Ma non finisce qui. Alla MGM si spingono oltre, verso il precipizio degli insulti. “Poiché gay, mi sentivo ripetere continuamente che non sapevo come fosse una bella donna. Una compagnia di produzione rozza e volgare, la mia peggiore esperienza lavorativa. Cercavano sempre di intimidirmi.”, racconta.
Dopo il quinto episodio della prima stagione, abbandona la nave lasciandola ondeggiare sulle acque agitate degli ascolti. Tutto fino al 2004, quando approda alla cancellazione.
Ora lo sceneggiatore, allungato l’occhio vispo al successo del crowdfunding di “Veronica Mars – The Movie”, ha contattato per delucidazioni Rob Thomas, il papà della signorina in giallo, con la speranza di portare la sua creatura sul grande schermo.
Altra cocente delusione risale alla passata stagione tv, quando col remake de “I Mostri”, comedy horror anni ’60 a là “Famiglia Addams” non riceve l’ordine per una serie tv. Un telefilm cui è visceralmente affezionato, per cui spendeva fiumi di lacrime quando da piccolo si azzuffava coi fratelli per la conquista del telecomando, preferendogli “L’isola di Gilligan” e “Il carissimo Billy”. Un telefilm che, sostiene, ha cambiato la sua visione del mondo, e di riflesso il suo stile di scrittura.
Il rifacimento, che nel cast avrebbe annoverato Portia De Rossi ed Eddie Izzard, si intitola “Mockingbird Lane” e – nonostante il pieno appoggio di Jennifer Salke, dirigente NBC, che si dice soddisfatta pur non avendo idea del pubblico di riferimento – viene trasmesso il solo episodio pilota spacciato come film tv ad Halloween 2012.

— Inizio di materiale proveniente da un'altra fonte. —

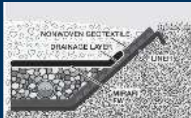
Leachate Collection System
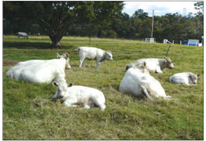
Rosellinos stud open day allows visitors to inspect the herd in the paddock.

This past year a young bull, Vesco Double Trouble, was purchased and has been used over the herd. This bull was Junior Champion at the Brisbane RNA and from Vesco Belle of the Ball, who was Champion Cow Brisbane RNA 2008, a daughter of the great breeding cow Domvale Treasure, and by Rainbow Ace of Hearts.
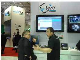
Broadcast & Cable Brazil 2011

Etere renew its presence at the most important broadcasting event in Latin America: SET Broadcast & Cable.
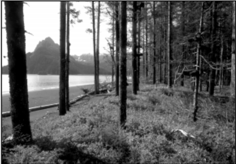
Approximately $25.1 million has been set aside for a long-term habitat fund.

Because complete recovery from the oil spill may not occur for decades, and because healthy habitats are essential to the permanent recovery of the spill region, the Council has taken steps to extend its comprehensive restoration program beyond September 2001, when Exxon makes its final settlement payment. By unanimous resolution in March 1999, the Council set aside $55 million of Restoration Reserve funds to continue its effort to protect key habitats. The $55 million will be split between $29.9
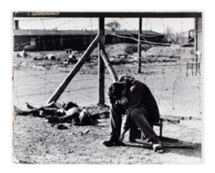
Fig. 12. Grieving beside a scorched friend. (Source: https://www.icp.org/browse/archive/objects/man-griefing-next-to-thecharred-body-of-his-friend-germany).

Gandhi, Selassie, Churchill, Pope Pius XII, and Stalin[15]. "In 1941, as the Only Western photographer, she witnessed the German invasion of Moscow. She was the first woman to accompany an American Air Corps on a bombing mission in 1942. And she traveled with Patton's troops across Germany in 1945 to liberate several concentration camps "[16]. Like other photographers, she was constant in danger in the war. From the Atlantic to North Africa, her ship was torpedoed, but she survived, and her most famous works include the concentration camp prisoners and the bodies of the gas. (Fig. 12).
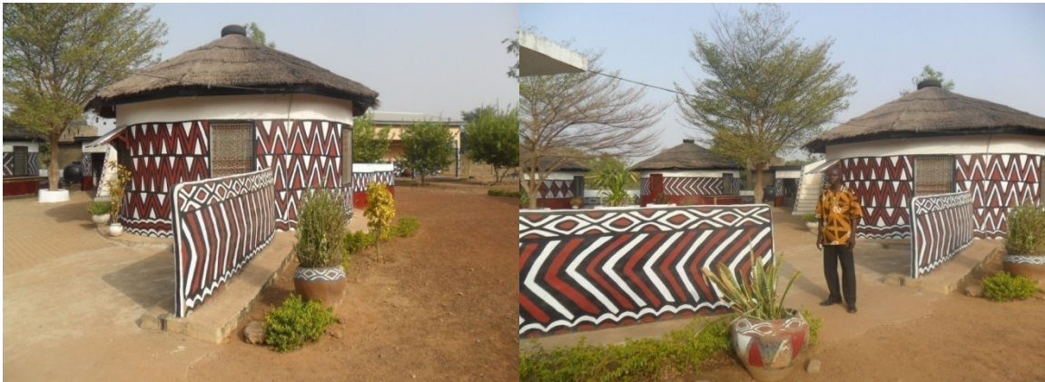
Plate 1: A local-styled guest house
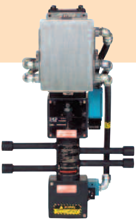
Skotch T506 oil burner/igniter valve
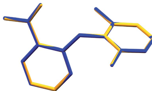
Fig. 1 Superposition of the molecules in the asymmetric unit of Form II 1 (blue) and Form I re-refined (yellow). All non-hydrogenated atoms were used for the overlay (RMS = 0.00966).

a This investigation; performed from the original data of Form I reported by Kovala-Demertzi et al. 2
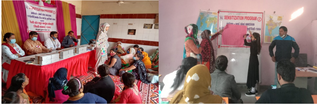
Sensitization Programs for Network Operators
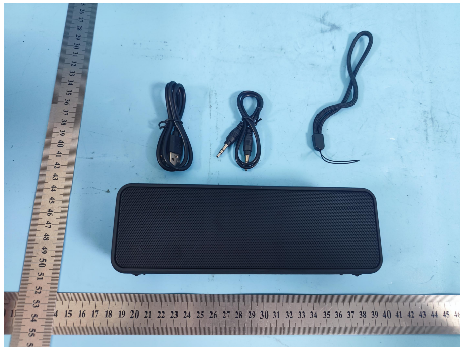
PHOTO OF THE ENTIRE SAMPLE
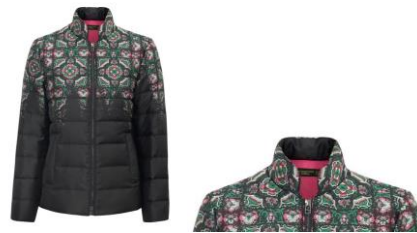
Figure 5. Design of Shanghai Tang's Stand-up Collared Casual Clothing

As basic elements of Chinese traditional clothing, cross collar and slant opening are intrinsically linked. With respect to pattern of Chinese traditional cross collar, under the influence of Confucian traditional clothing etiquette, "the five principles of compass, square, rope, scale and balance should be complied with: the cuff is as round as a compass; the collar is as orthogonal as a square; the back is as vertical as a rope; and the lower hem is as balanced as a scale". Therefore, the shape of traditional cross collar is almost the same with that of Western V-shaped collar. "The shape is like the letter Y". Shanghai Tang's design of deep V-shaped small stand-up collar not only retains the charm of traditional stand-up collar, but also to some extent breaks the shackles of tradition, freeing stand-up collar from the traditional image and creating a compact, stylish, and cool V-shaped small stand-up collar. When the small stand-up collar is designed and combined, the shape immediately changes its traditional charm and becomes more fashionable (Figure 6).
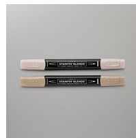
Crumb Cake Stampin' Blends Combo Pack [154882] $9.00
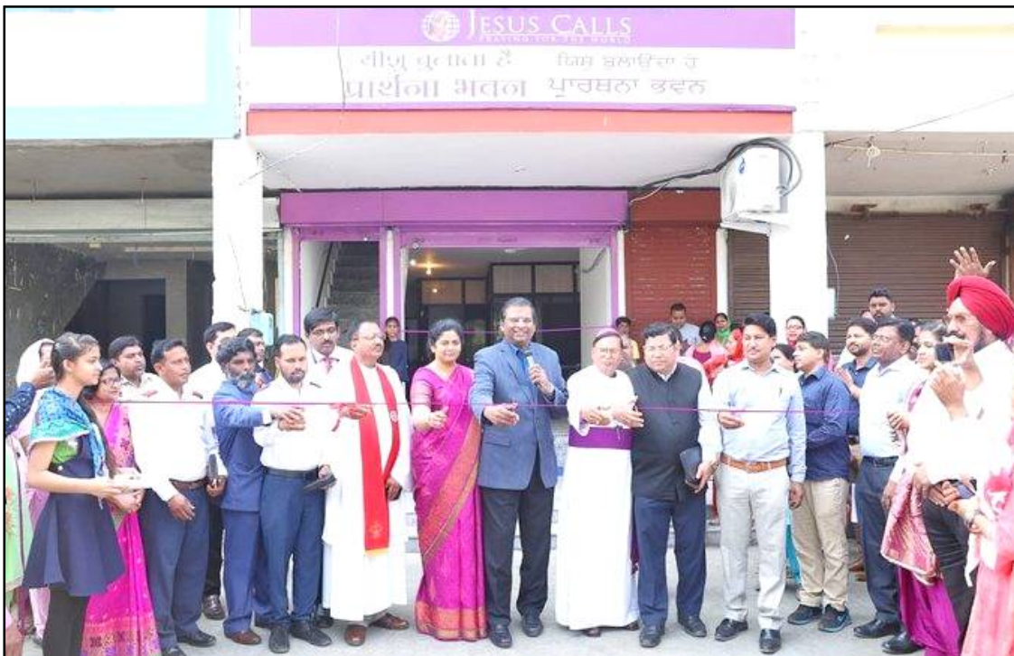
Jesus Calls Ministry-i Jalandhar nung India nung 108buba Prayer Tower semzükba mapang tangokba noksa nung angur.
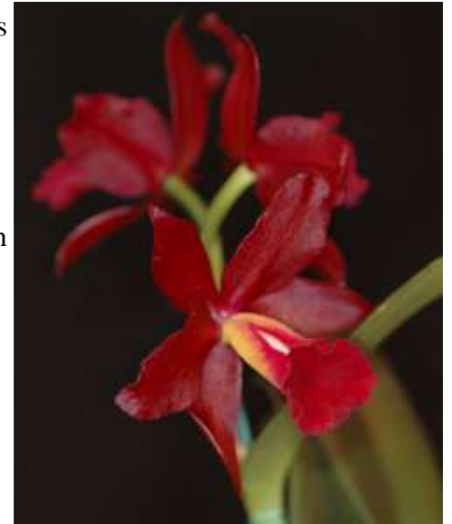
Slc. Tutakamen 'Pop'
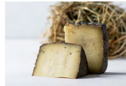
SECRETS OF THE FOREST 80% buffalo milk cheese with black truffles, matured in hay
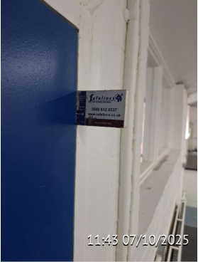
Issue 7 Gaps Adjusted
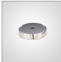
401 back cap
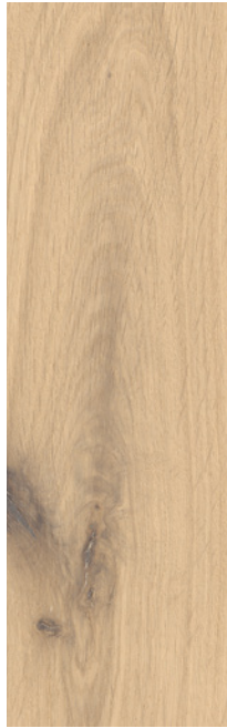
WDRO 801 Tinted

Sempre per la “rete del pavone” rimette in sesto il mito di “Hannibal”, la serie che porta sul tubo catodico le barbarie letterarie e cinematografiche del serial killer-cannibale. Un lavoro cui è giunto un po’ per caso, durante un volo in cui l’amica produttrice, Katie O’Connell, gli annuncia l’acquisizione dei diritti sui romanzi di Thomas Harris. “Che ne pensi di una serie su Hannibal?”, gli fa questa. Ed ecco che si mettono in moto gli ingranaggi creativi, al che Fuller risponde: “Hai anche i diritti per il personaggio di Will Graham (il detective rivale del killer, ndr)?” Alla conferma, germogliano i primi spunti di quello che sarebbe assurto a un sofisticato prodotto televisivo a metà tra il poliziesco procedurale e il thriller psicologico, una strizzata d’occhio ai cinefili di bocca buona che snobbano la tv pubblica. Anche questo – poiché ispirato a un’icona dell’horror cine-letterario amata ai tempi del liceo – un progetto assimilabile alle fanfiction.